После окончания мединститута моя мама по распределению была направлена на работу в деревню N. Представьте: зимой сугробы по колено, темень кромешная, а молодая девушка-врач бежит на вызов к больному… Машина «скорой помощи» далеко не везде могла проехать, и часто больных по старинке везли на лошади. Болели в деревне чаще всего белой горячкой, поэтому нередко врач ходил в паре с милиционером, только почему-то милиционер шел сзади на почтительном расстоянии. «Белогорячечные» встречали по-разному: один мужик вышел на порог, нежно обнимая кочан капусты и напевая ему колыбельную. Больным он себя не считал, скорее, счастливым отцом. И немало времени ушло на то, чтобы убедить его в обратном. В другой квартире была обнаружена целая компания подобных пациентов. Один из них встретил маму с огромным тесаком наперевес и с окровавленными руками. Но вместо того чтобы сбежать куда глядят глаза из этой квартиры, мама бесстрашно перешагнула через порог и спросила: «Кто ранен?» Оказалось, пьяные друзья всего лишь пытались настрогать себе салат на ужин…

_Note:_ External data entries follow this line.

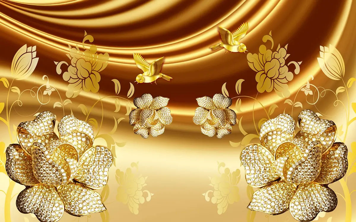 Our Golden Floral 3D Mural Wallpaper showcases an intricate tapestry of golden elements that come together to create a visual symphony: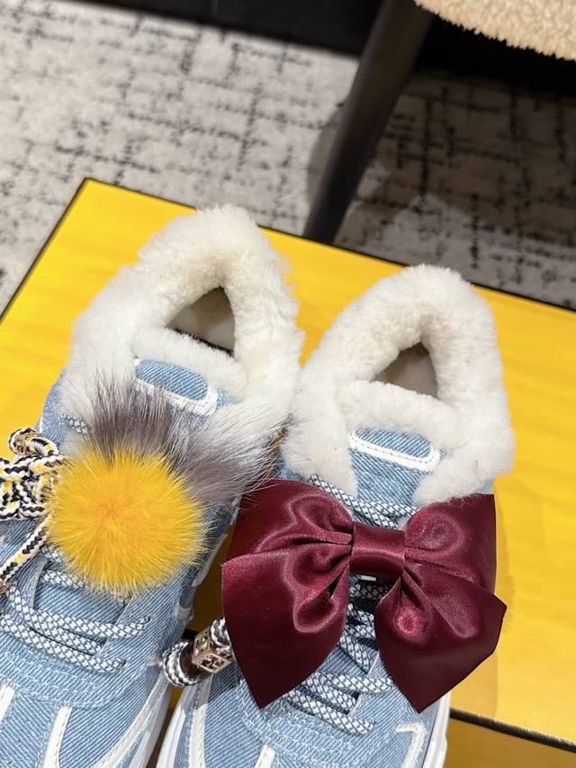 Top-tier version Fendi 25 Match platform wool-lined biscuit shoes, bread shoes,
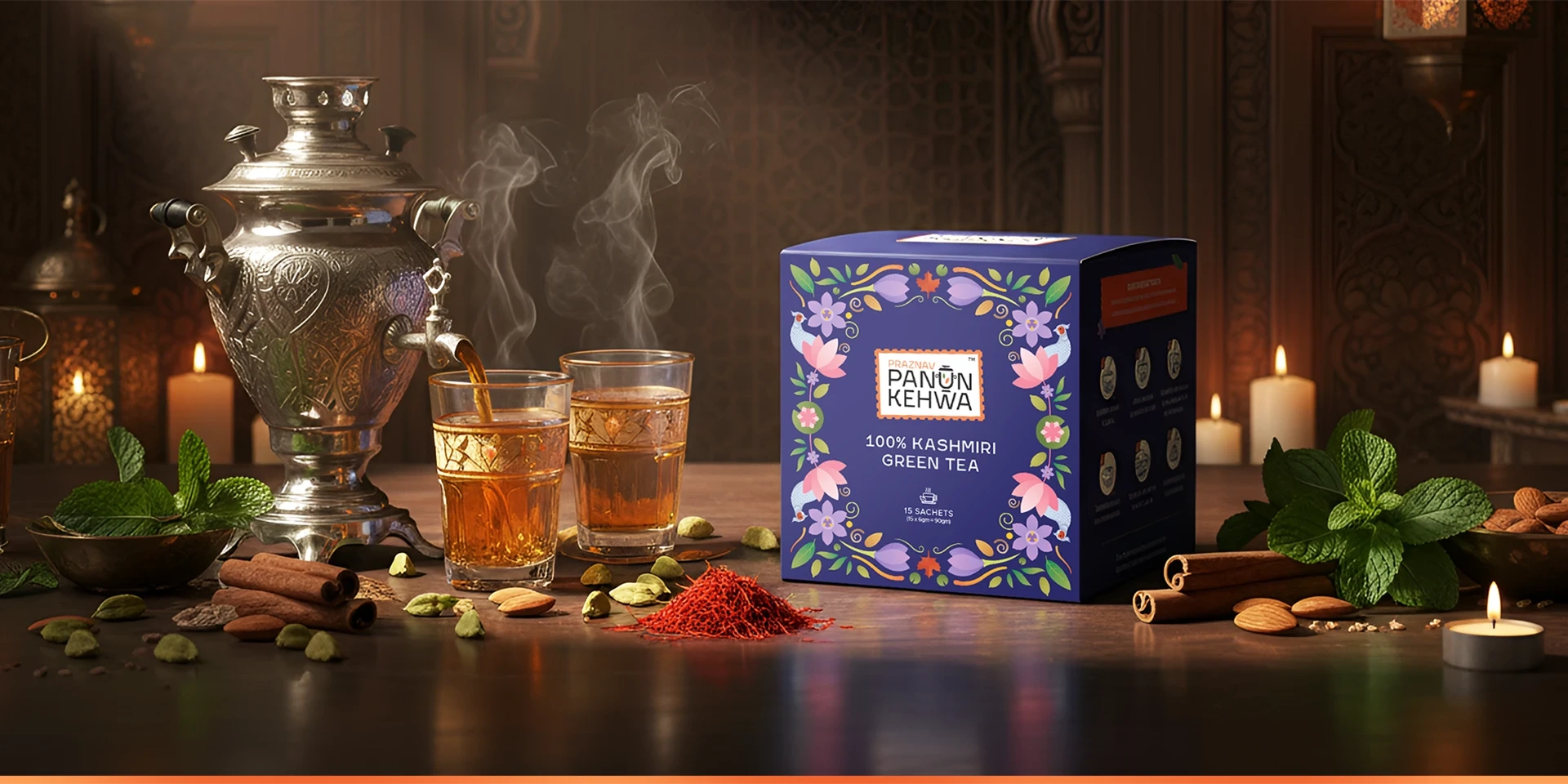 Panun Kehwa is a premium Kashmiri green tea brand rooted in tradition and elevated for modern retail.The project included logo design, sachet packaging, and ma…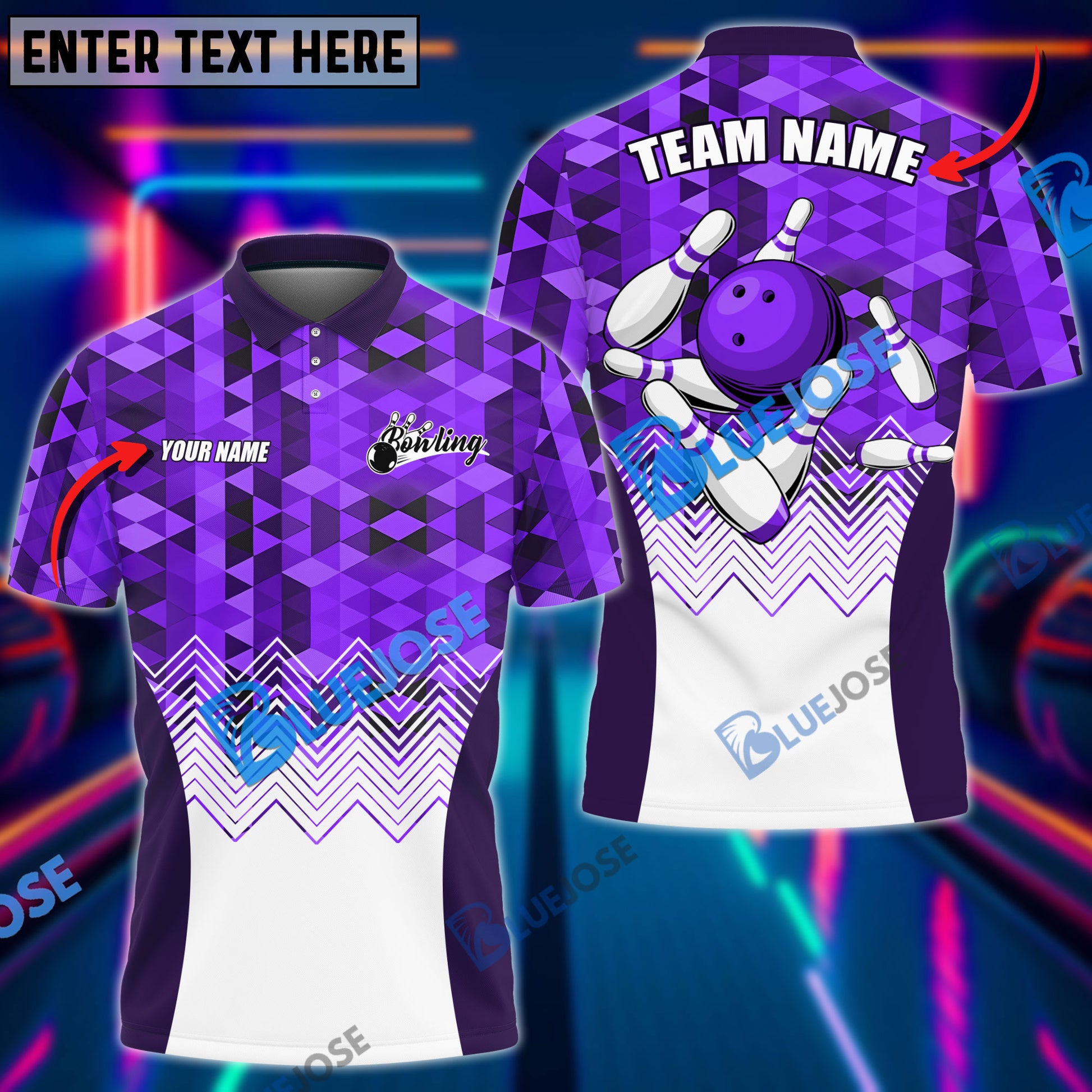 BlueJose Bowling And Pins Diamond Pattern Customized Name 3D Shirt (4 Colors)

Но далеко не все случаи были так комичны (или трагикомичны). Однажды маму вызвали к умирающей девушке, кажется, у нее была опухоль мозга, и ее не могла бы спасти даже реанимационная бригада. Что могла сделать молодая выпускница мединститута? «Я понимала, что она умрет с минуты на минуту, и что мне здесь уже нечего делать… — рассказывала мама. — Но вдруг я посмотрела на ее родителей и поняла: они ждут от меня помощи, чтобы хотя бы на час, на полчаса, на минуту продлить жизнь их дочери... И я поняла, что не смогу никогда себя простить, если просто развернусь и уйду. Потому что врач должен бороться за жизнь больного до последнего. И я в первый раз в жизни отважилась сделать прямой укол в сердце. Сейчас я с ужасом об этом вспоминаю: как я на такое решилась, почему я совсем не боялась, несмотря на то, что делала такой укол впервые… Но тогда страха не было совсем. Я просто делала последнее, что могла сделать. Сердце заработало и подарило девушке еще сколько-то минут жизни. Она умерла у меня на руках. И только тогда я поняла, что могу уйти…»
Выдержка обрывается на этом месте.